No other nation or group of nations can mirror the expected ice-breaking capacity of this new Russian fleet. And no regional powers, including the United States, have remotely the same sea-going capacity to police and control the polar region as do the Russians. And it’s not just this new fleet that has set Russia’s saber-rattling over the Arctic. “The new move comes a week after the Kremlin said it was strengthening its naval forces in the Arctic as part of a new military doctrine… Earlier this year, Russia's military conducted exercises in the Arctic that involved 38,000 servicemen, more than 50 surface ships and submarines and 110 aircraft.” BBC.com, August 4th.

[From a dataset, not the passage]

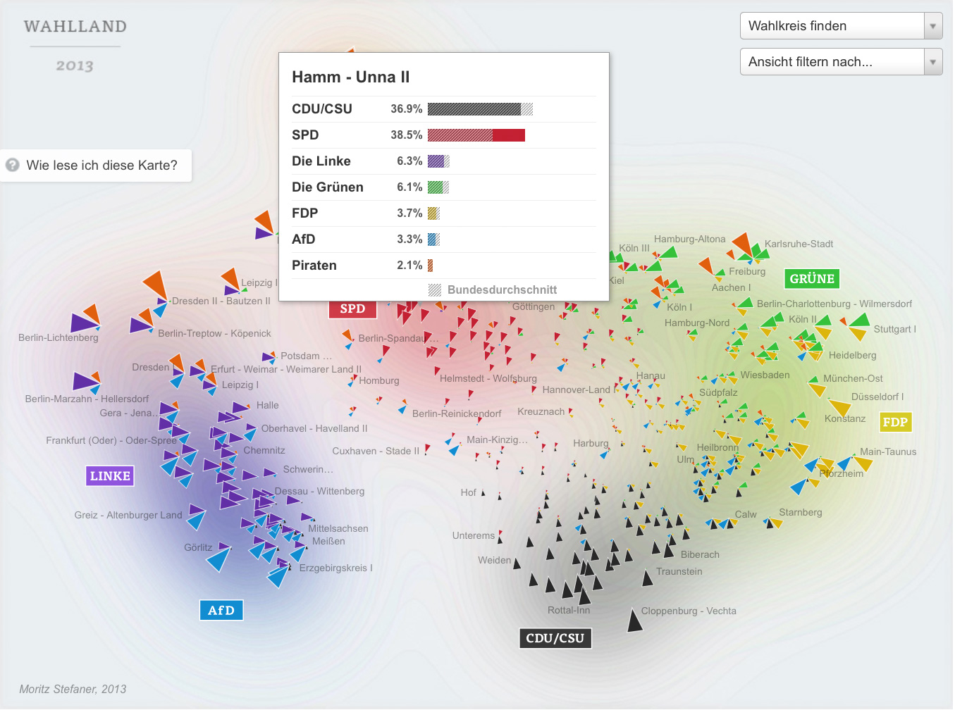 Wahlland presents a whole new kind of election map for the German Bundestag elections 2013, commissioned by ZEIT Online. Instead of showing the electoral districts results on a geographic map, or in a table, I decided use the data to map a new land: Electionland, where all the districts which vote in a similar way are located nearby. This new kind of map allows us to see a Germany grouped by lifestyles, preferences and attitudes.

In recent years, Russia has moved on Georgia’s rebel state (South Ossetia), Crimea, Ukraine, the Arctic and even someday… we can expect against Alaska. Russia is increasingly a rogue state, a global pariah that loves to make friends with extremists (North Korea, Syria, Iran, etc.) and seems to be the living paradigm of “might makes right.” As the world is distracted with Islamic turmoil and genocide, disarmament focused on Iran and wars all across Saharan and even Sub-Saharan Africa as well as the Middle East, a dark sinister force is skulking in the Arctic, believing that sooner or later, one way or the other, the Arctic will simply be one more part of the Russian motherland. Are we ready? Willing? And able to resist this land grab?

I’m Peter Dekom, and with a gridlocked and highly polarized government, with Americans tearing at each other’s throats, Russia has to be cackling at what it perceives to be its inevitable control of the entire Arctic region.